====== INPUT RECORDS ======
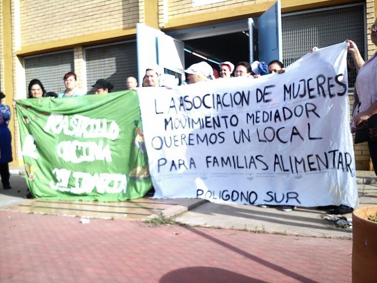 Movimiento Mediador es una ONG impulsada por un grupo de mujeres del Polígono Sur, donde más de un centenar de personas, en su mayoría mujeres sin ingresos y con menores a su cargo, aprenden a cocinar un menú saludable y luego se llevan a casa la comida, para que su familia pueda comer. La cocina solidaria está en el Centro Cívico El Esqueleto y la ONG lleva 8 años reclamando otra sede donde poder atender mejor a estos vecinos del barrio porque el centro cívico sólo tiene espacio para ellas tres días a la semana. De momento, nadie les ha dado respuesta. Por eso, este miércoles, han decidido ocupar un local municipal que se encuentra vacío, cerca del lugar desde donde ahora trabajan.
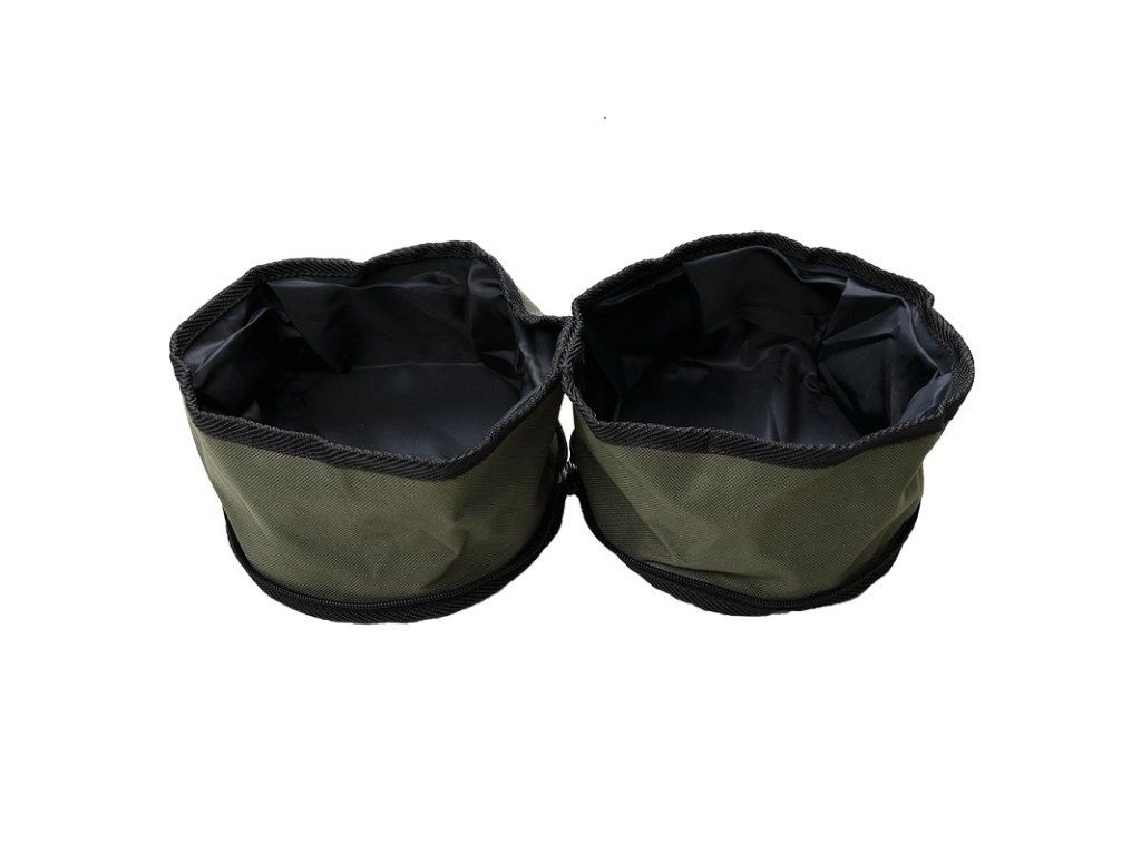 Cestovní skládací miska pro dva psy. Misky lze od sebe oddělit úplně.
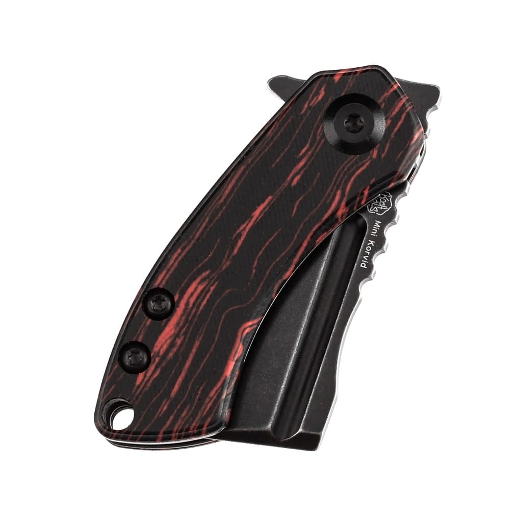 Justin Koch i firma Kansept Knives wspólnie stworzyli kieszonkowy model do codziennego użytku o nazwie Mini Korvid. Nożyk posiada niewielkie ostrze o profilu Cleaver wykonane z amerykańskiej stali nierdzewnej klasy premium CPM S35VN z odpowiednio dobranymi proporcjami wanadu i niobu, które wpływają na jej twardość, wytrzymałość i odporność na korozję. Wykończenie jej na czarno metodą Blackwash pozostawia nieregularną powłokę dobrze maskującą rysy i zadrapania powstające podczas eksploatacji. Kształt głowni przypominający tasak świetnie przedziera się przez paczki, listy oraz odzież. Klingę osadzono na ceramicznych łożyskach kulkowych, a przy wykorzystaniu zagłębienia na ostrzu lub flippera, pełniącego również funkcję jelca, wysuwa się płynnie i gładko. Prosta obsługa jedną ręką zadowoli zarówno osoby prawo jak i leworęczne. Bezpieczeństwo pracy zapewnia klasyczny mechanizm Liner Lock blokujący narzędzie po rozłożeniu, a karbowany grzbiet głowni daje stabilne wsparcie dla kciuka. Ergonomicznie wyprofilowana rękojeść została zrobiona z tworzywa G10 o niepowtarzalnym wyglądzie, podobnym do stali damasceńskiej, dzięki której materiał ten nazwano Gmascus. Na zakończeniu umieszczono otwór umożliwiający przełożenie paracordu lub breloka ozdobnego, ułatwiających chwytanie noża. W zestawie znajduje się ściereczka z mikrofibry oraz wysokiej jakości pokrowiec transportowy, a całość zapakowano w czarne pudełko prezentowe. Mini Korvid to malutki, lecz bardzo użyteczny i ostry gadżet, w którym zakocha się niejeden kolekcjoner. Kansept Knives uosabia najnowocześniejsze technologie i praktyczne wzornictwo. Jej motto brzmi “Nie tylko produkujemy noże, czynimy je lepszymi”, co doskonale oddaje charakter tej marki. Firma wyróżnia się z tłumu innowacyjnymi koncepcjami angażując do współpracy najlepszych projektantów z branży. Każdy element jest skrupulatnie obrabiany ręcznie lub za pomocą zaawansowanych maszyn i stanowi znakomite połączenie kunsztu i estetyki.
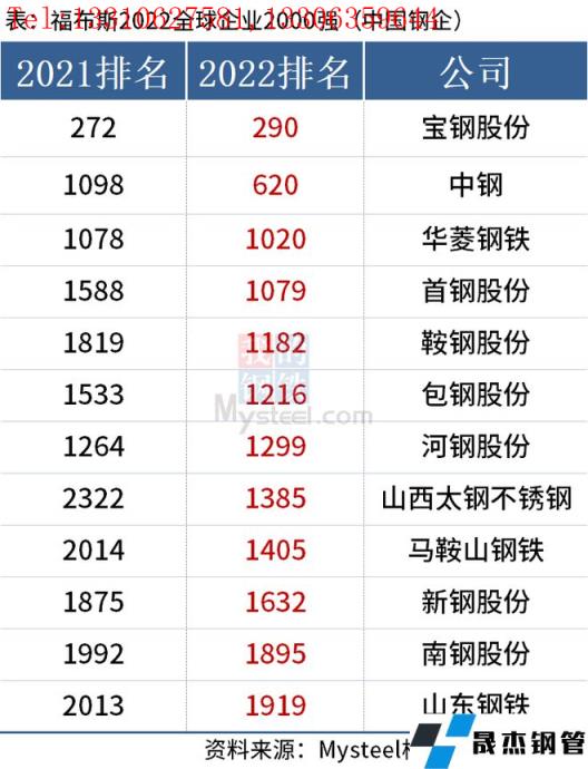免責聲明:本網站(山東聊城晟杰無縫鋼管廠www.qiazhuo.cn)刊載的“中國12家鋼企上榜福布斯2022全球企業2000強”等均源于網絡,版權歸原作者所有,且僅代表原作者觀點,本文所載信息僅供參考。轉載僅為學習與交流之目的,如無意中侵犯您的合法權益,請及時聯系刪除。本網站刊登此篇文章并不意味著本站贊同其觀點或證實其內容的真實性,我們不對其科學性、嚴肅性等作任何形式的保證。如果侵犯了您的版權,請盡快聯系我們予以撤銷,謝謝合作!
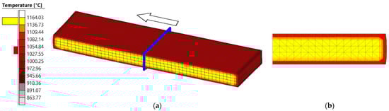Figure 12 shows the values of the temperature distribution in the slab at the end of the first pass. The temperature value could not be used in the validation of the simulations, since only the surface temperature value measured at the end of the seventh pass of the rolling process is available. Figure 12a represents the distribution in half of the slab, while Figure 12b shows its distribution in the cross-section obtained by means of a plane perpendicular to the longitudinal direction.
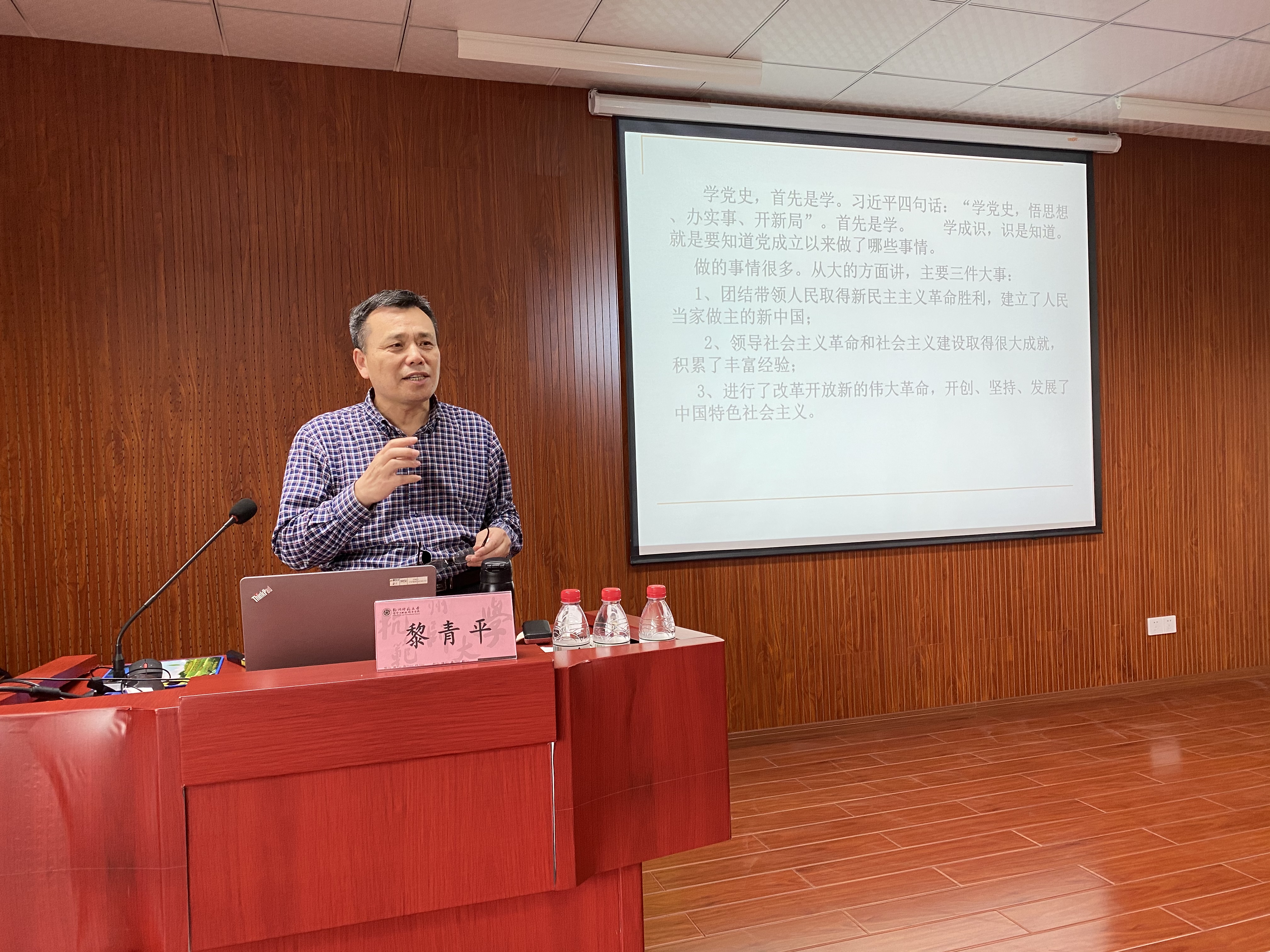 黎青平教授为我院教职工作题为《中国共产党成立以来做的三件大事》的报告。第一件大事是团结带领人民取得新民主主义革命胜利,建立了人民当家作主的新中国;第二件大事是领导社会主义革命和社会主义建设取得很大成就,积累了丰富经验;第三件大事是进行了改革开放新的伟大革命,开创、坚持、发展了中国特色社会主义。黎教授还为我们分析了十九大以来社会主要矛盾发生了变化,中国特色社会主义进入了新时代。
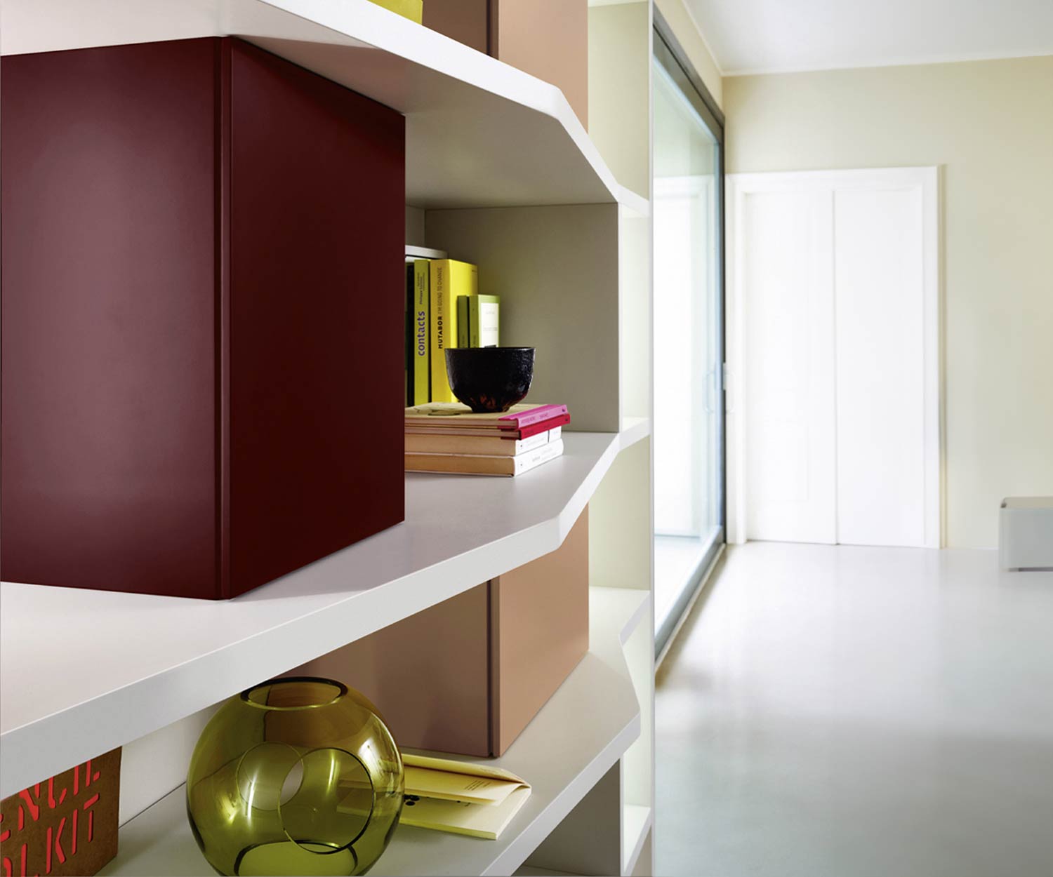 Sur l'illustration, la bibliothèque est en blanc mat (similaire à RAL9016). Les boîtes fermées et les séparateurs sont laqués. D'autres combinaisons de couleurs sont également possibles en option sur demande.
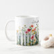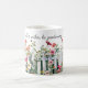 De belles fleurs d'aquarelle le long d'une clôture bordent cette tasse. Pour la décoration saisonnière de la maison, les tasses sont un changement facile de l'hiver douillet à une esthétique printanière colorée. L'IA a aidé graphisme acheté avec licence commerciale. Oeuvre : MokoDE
======
DIRECTIONS >>
Each line from the one containing "Sur l'illustration, la" through the last line above should be retyped exactly, and no other line. Any picture is to be left out.

REPLY TO THE EXERCISE >>
 Sur l'illustration, la bibliothèque est en blanc mat (similaire à RAL9016). Les boîtes fermées et les séparateurs sont laqués. D'autres combinaisons de couleurs sont également possibles en option sur demande.
 De belles fleurs d'aquarelle le long d'une clôture bordent cette tasse. Pour la décoration saisonnière de la maison, les tasses sont un changement facile de l'hiver douillet à une esthétique printanière colorée. L'IA a aidé graphisme acheté avec licence commerciale. Oeuvre : MokoDE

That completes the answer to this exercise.